As for Chambliss, it was, from the outside looking in, a classic case of needing a scapegoat. It can't be Krivsky's fault that Chris Denorfia didn't put up Kearns-like numbers or that Royce Clayton wasn't a young Barry Larkin for the Reds? Can it?
Posted by vtadave at 10/12/2006 10:03:00 PM
I don't know anything specific, but I've always assumed that there must be something about Chambliss' personality that rubs some people the wrong way. He seems to be one of those guys who keeps bouncing from job to job, even though (from the outside looking in) he seems to be doing good work.
Posted by czegers at 10/13/2006 1:08:00 PM
Given Krivsky's comments expect the Reds to go from promising to hapless as they cut down on K's and on runs scored. It's insane not to emphasize power in that park.
Posted by bret59 at 10/15/2006 5:29:00 PM
Agreed - I wasn't a happy camper reading Krivsky's comments today.
Posted by Erickson at 10/15/2006 6:23:00 PM
I'd hate to be a Reds fan right about now. Hopefully Ned Colletti has given Wayne a call re: Dunn. Elmer Dessens might be able to be had by the Reds in a Dunn deal.
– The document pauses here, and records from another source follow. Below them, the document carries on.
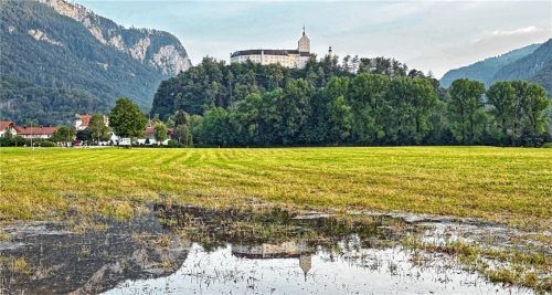 Nach dem Starkregen der vergangenen Tage gab es ein malerisches Spiegelbild in der Wasserpfütze in der Wiese unterhalb von Schloss Hohenaschau. Wer sich oben umsehen möchte, kann das bei verschiedenen Veranstaltungen im Schloss Hohenaschau tun. Die Führungszeiten sind Dienstag und Donnerstag 13.30 u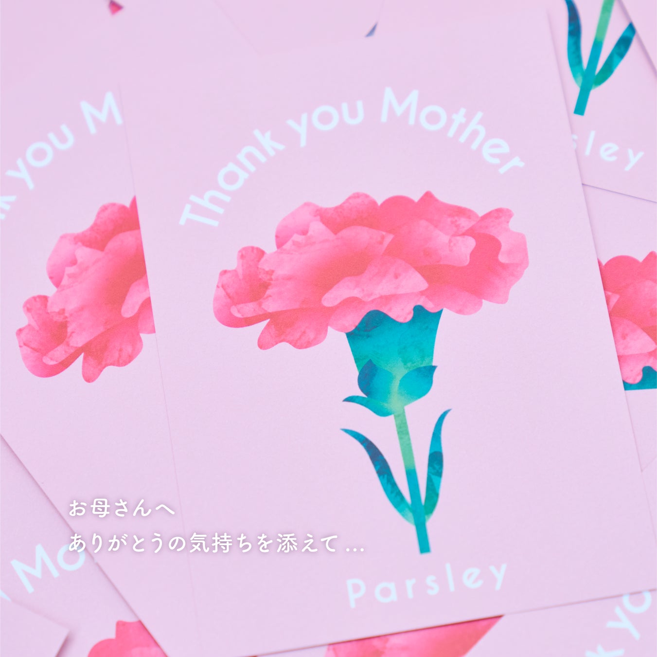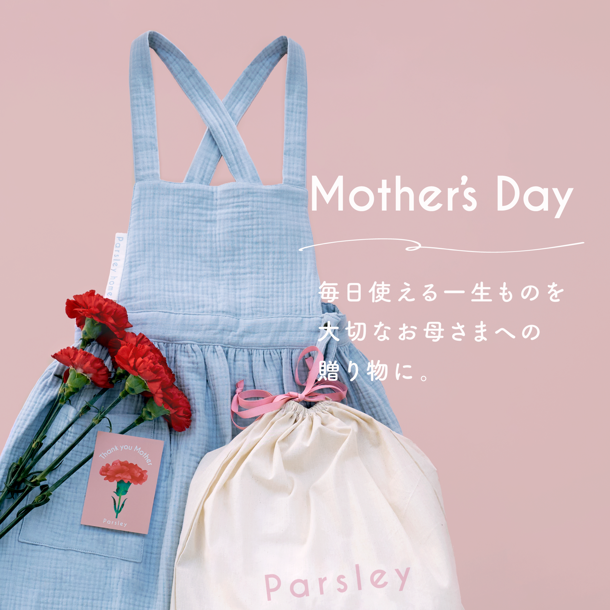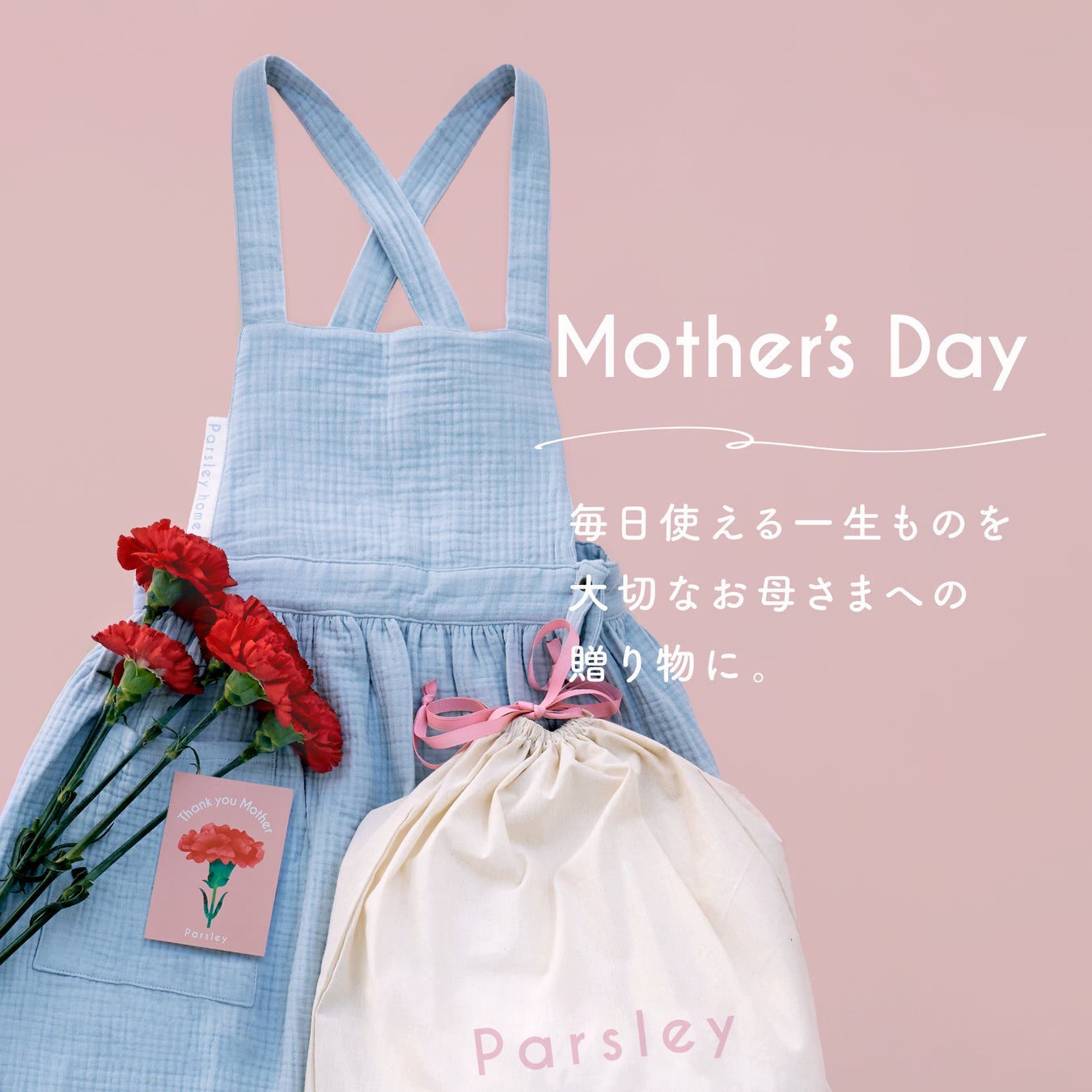 セットには、Parsleyのエプロンに加え、オリジナルのギフト巾着と、母の日限定のメッセージカードをお付けしています。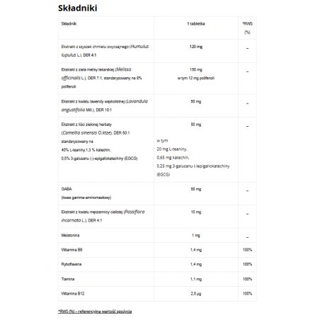 Składniki: substancja wypełniająca - Celuloza mikrokrystaliczna, ekstrakt z melisy (Melissa officinalis), substancja wypełniająca fosforan wapnia, ekstrakt z chmielu (Humulus lupulus L), Kwas gamma aminomasłowy (GABA), Ekstrakt z lawendy (Lavandula angustifolia), Ekstrakt z zielonej herbaty (Camellia sinensis O. Ktze), Substancja wypełniająca Sól sodowa karboksymetyloceluloza usieciowana, skład otoczki (środek glazurujący hydroksypropylometyloceluloza, środek glazurujący - hydroksypropyloceluloza, stabilizator - guma arabska, stabilizator-polidekstroza, stabili zator-trojglicerydy średniołańcuchowe, środek wypełniający - talk), ekstrakt z męczennicy (Passiflora incarnata L) substancja przeciwzbrylająca - sole magnezowe kwasów tłuszczowych, Witamina B6 (chlorowodorek pirydoksyny), Witamina B1 (chlorowodorek tiaminy), Witamina 82 (ryboflawina), Melatonina, Witamina B12 (cyjanokobalamina).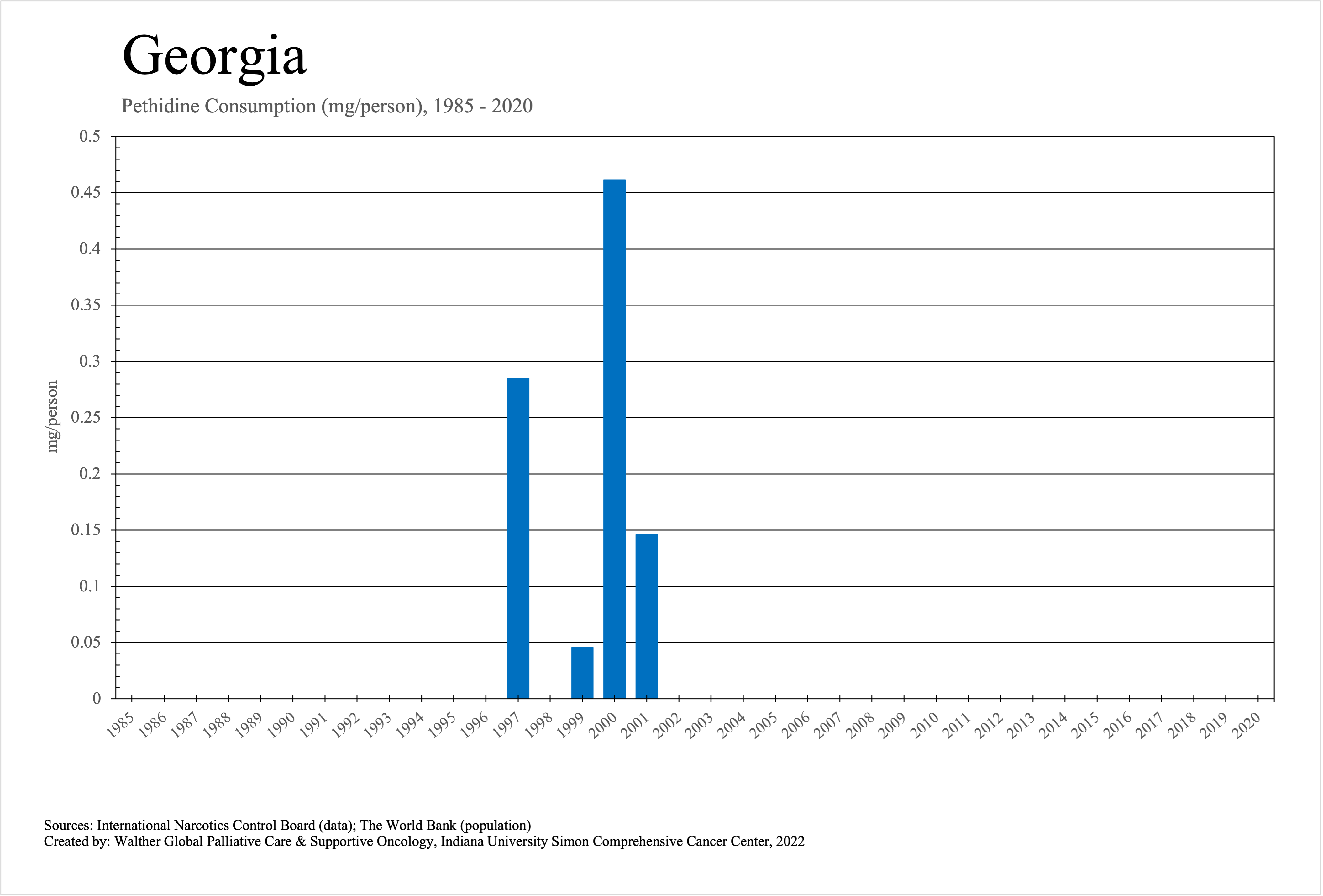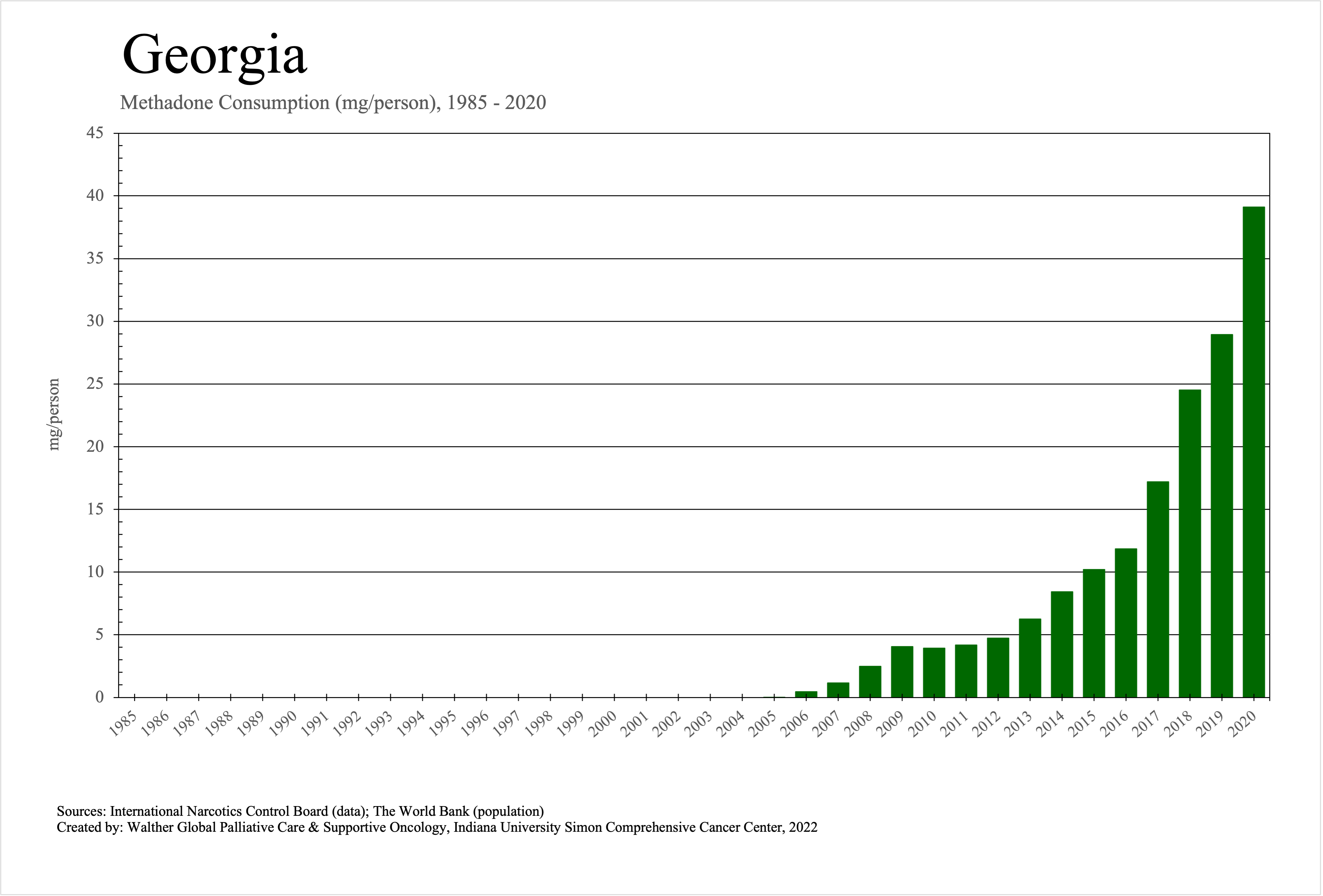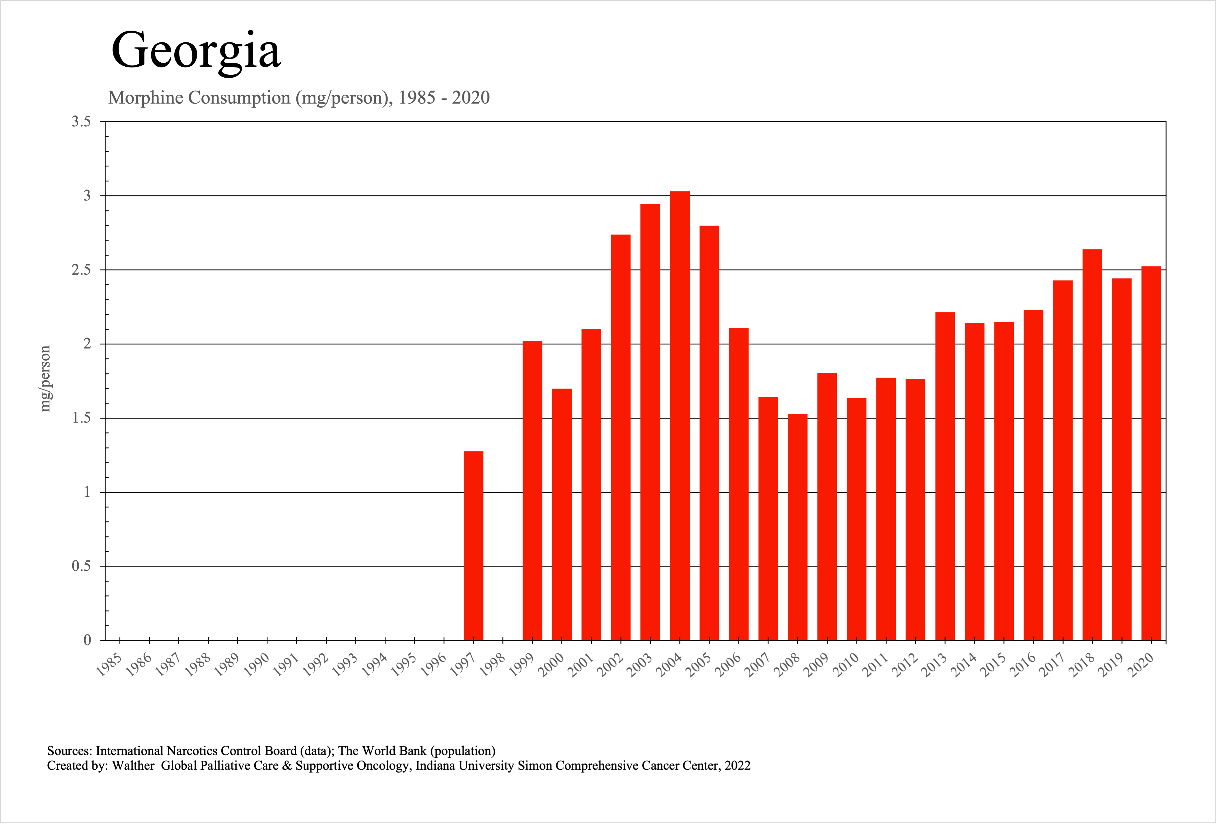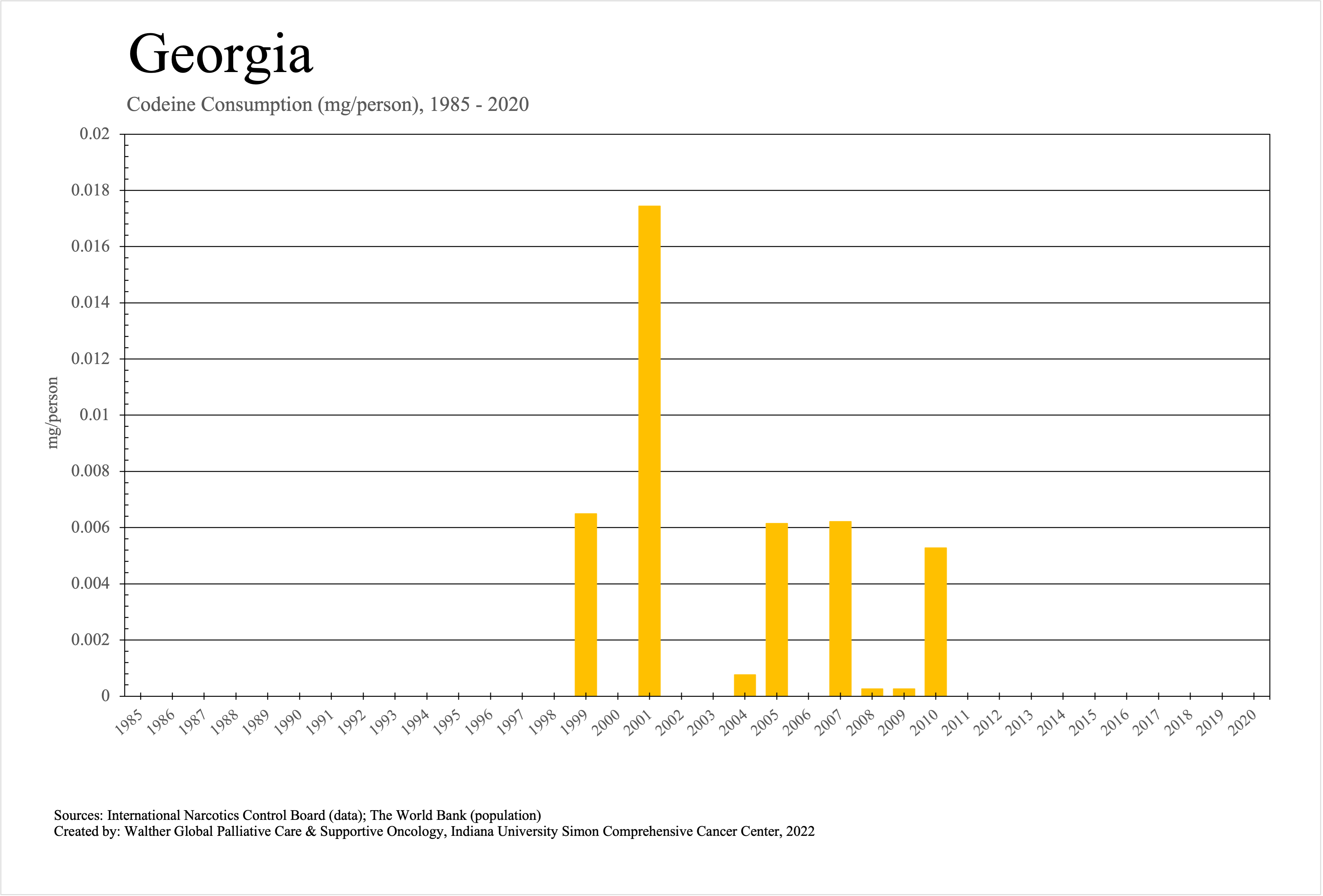 The graphs below provide the Essential Controlled Medicines consumption data trends from 1985 to 2020 in milligrams per capita and Morphine Equivalence (ME) milligrams per capita, as reported to the International Narcotics Control Board (INCB).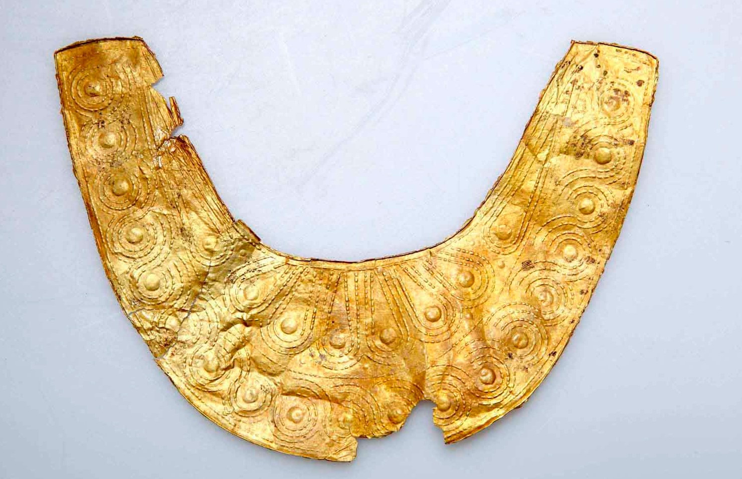 Το πρώτο είναι ένα έλασμα μηνοειδούς σχήματος κατασκευασμένο από έλασμα χρυσού, που χρονολογείται στο 950 π.Χ. περίπου (εικ. 1). Προέρχεται από τη γυναικεία ταφή που εντοπίστηκε στο εσωτερικό κτηρίου στη θέση Τούμπα του Λευκαντιού.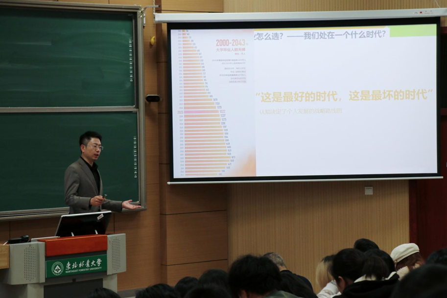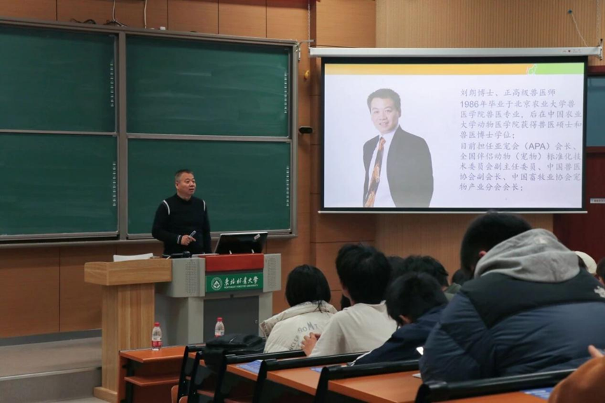会上,刘朗博士以《行业趋势与职业价值:解锁宠物医疗黄金未来》为题,从学生个人职业生涯规划出发,结合实际案例,重点围绕时代发展趋势、个人发展机遇以及动物医学发展意义进行宣讲。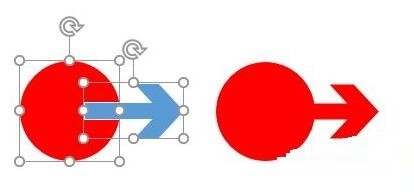 将箭头与之前绘制的圆形组合到一起,同样通过【合并形状→联合】将它们合为单一的形状。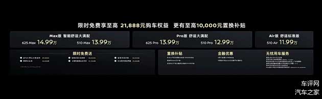 起售价11.99万的510Air版,全系唯一11万级车型,行业首创的全域智能防晕车技术,基础配置齐全(如倒车影像、LED大灯),续航足够日常通勤(540km),相比同价位竞品多停留在够用层面,N7 Air版以独家舒适技术形成差异化,尤其适合易晕车的家庭,适合预算有限、注重实用性的家庭用户。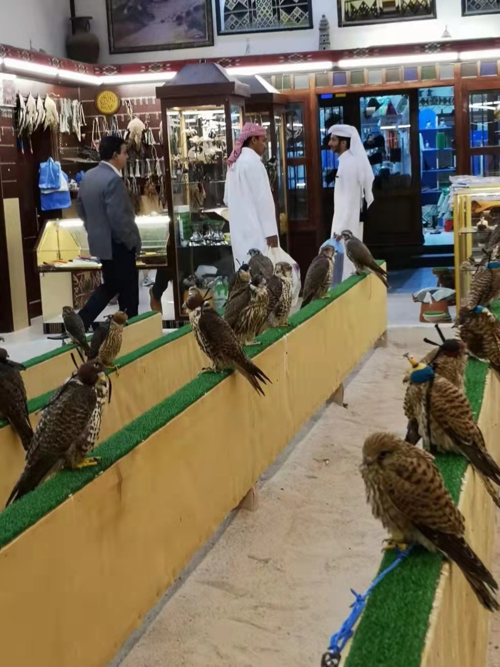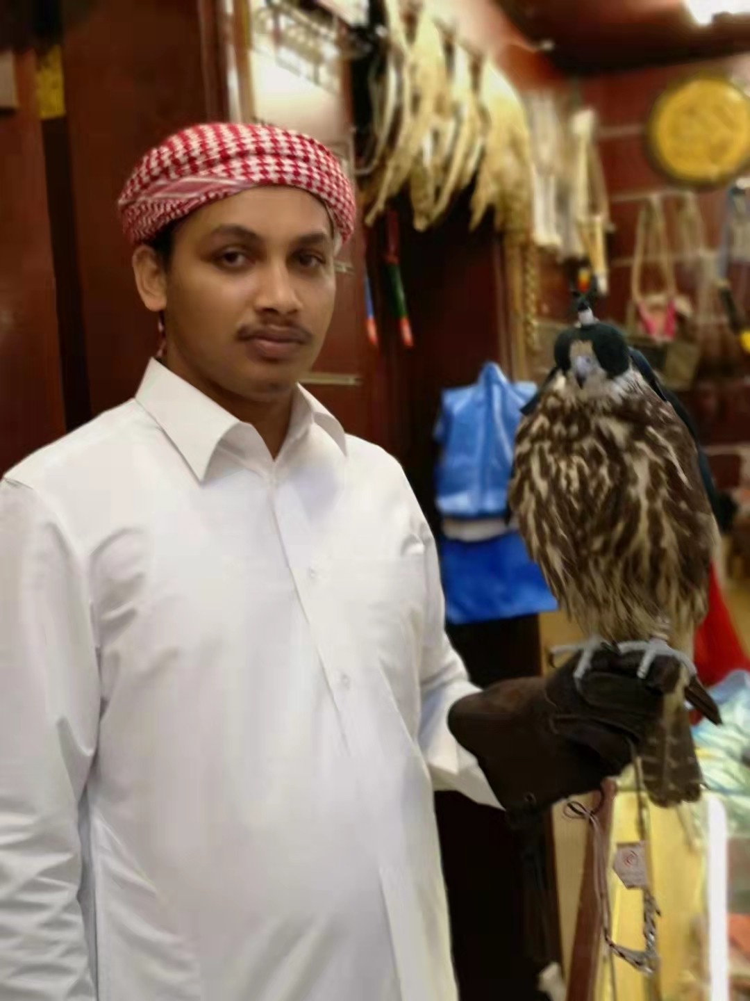 在阿拉伯半岛,驯养猎鹰的传统始于几千年前。卡塔尔首都多哈老市场里有鹰交易市场和专门给鹰看病的医院。鹰市场的鹰大多数带着眼罩,只露出喙。遮住眼睛让它们不能看见东西、目的是让鹰保持安静避免奋力的飞扑,碰到硬物伤到自己。市场一角还有专门制作眼罩的工匠。

Posted by vtadave at 10/16/2006 8:53:00 AM
The Metrodome is known as a hitters park also and the Twins never emphasized power and they're an American League team. I think they've done just fine with 2 World Series titles the past 20 years. I don't necessarily agree with a few of the moves, but that doesn't mean the Reds can't be successful. It's not like they were winning too much the way it was.
Posted by schwang2u at 10/18/2006 11:13:00 PM
The Metrodome is most certainly *not* a hitter's park, especially with the introduction of all the recent new parks. Check the numbers.